Вдобавок, все это растворяется в каком-то неясном мареве — быть может, в мареве лета. Возможно также, это дымка времени, того отрезка времени, в коем вновь вырисовываются забытые лица, звучат умолкшие голоса, уходят и возвращаются сцены, озаренные светом прошлого. От воспоминаний до рассказа путь короток: то, что называю я своей жизнью, умещается в этом едва заметном промежутке, в минуте, когда я пишу эти строки, между тем, что было вправду пережито (и когда пережито), и тем, что видел я в своих грезах или пережил, точно во сне, в самый миг события. Я не ношу маски, не наряжаюсь в рубище, как тот «переписчик», не браню и не одобряю театр. Мне нет нужды лгать — сама действительность лжет за меня. Вот отчего грезы и сны всегда казались мне столь значительными: не пытаясь ничего утаивать, не пытаясь лгать, они зато оборачивают реальность той единственной стороной, которая меня интересует, ибо скромно претендует лишь на одно — показать все грани Вероятности.

А я давно открыл для себя эту истину: Вероятность — прекрасна.

На самом деле, и дом наш в Усьере прекрасен, и я там счастлив — но этого счастья мне мало. И лицо Од прекрасно — но я вижу в нем одно лишь притворство. И доброта моего дяди искренна и прекрасна — но я читаю в ней всего только ханжеское смирение гугенота.
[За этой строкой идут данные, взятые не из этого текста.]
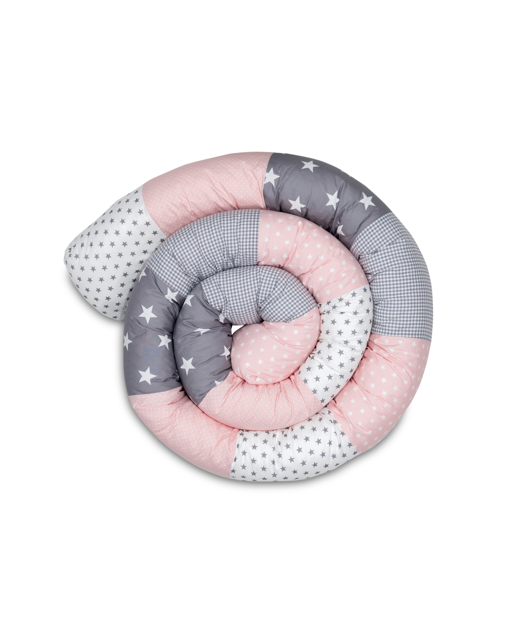 ULLENBOOM® Bettschlange, Nestchenschlange – Viele Größen – Patchwork, Rosa Grau – Außenstoff 100% Baumwolle, Weiche Füllung – Bettrolle Babybett

Без сомнения, я не прав, глубоко не прав в том, что принимаю жизнь не такою, как она есть. Я говорил уже о том неверном, но благодатном свете, что озаряет любое воспоминание, и иногда спрашиваю себя, не он ли — тот единственно верный, единственно надежный и непогрешимый свет, помогающий освежить память и ежедневные наблюдения, тот вневременной свет, что неровными вспышками озаряет и вызывает из небытия эпизоды прошлого, словно волшебные райские видения. Стало быть, я счастлив в Усьере? Да, видимо, счастлив, по крайней мере, в воспоминаниях. Так как же мне не любить это слабое, туманное, но зато неподвластное смерти и времени мерцание, предпочитая его тем слепящим огням достоверности, что претендуют на управление нашим веком во имя опыта и разума.

VIII

— Не желаете ли, сударь, сразиться со мною в шахматы? — спрашивает дядюшка, войдя в гостиную.
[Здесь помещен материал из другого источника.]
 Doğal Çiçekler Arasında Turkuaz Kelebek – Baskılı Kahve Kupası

— Я предпочел бы партию в шашки, — отвечаю я с хитрым видом.

Это у нас с ним такая игра. Сперва я должен отклонить предложение, попытаться его переиначить, как позже время сделает это с моими воспоминаниями.

— Вы меня дразните, дорогой племянничек. Вам хорошо известно, что я побаиваюсь игр, дозволенных Регентством!

Так мы перешучиваемся меж собою. Я должен с невинным видом стоять на своем, отлично зная, что игра в шашки раздражает господина Клавеля, ибо ею до безумия увлеклись в свете после смерти короля, а к изобретению ее приложил руку некий весьма подозрительный поляк. Дядюшка с улыбкою подталкивает меня к шахматному столику, с притворной строгостью усаживает на плетеный стульчик, а сам садится напротив. Все это — также часть ритуала: я упираюсь и заставляю себя просить — для виду, а дядя якобы принуждает меня к игре — так, словно отдых, развлечения, забавы, даже такие интеллектуальные, немного постыдны, и требуется весь его авторитет, дабы принудить меня к этому. Итак, мы расставляем фигуры, и воцаряется глубокое молчание: мы оба привычно изображаем сосредоточенность в начале игры. Возможно, мы молчим еще и потому, что нам приятно сидеть вдвоем, лицом к лицу, совсем как в те времена, когда господин Клавель преподавал мне начатки латыни и греческого в своем маленьком лозаннском домике, и даже колокола церкви Святого Франциска не могли отвлечь нас от занятий.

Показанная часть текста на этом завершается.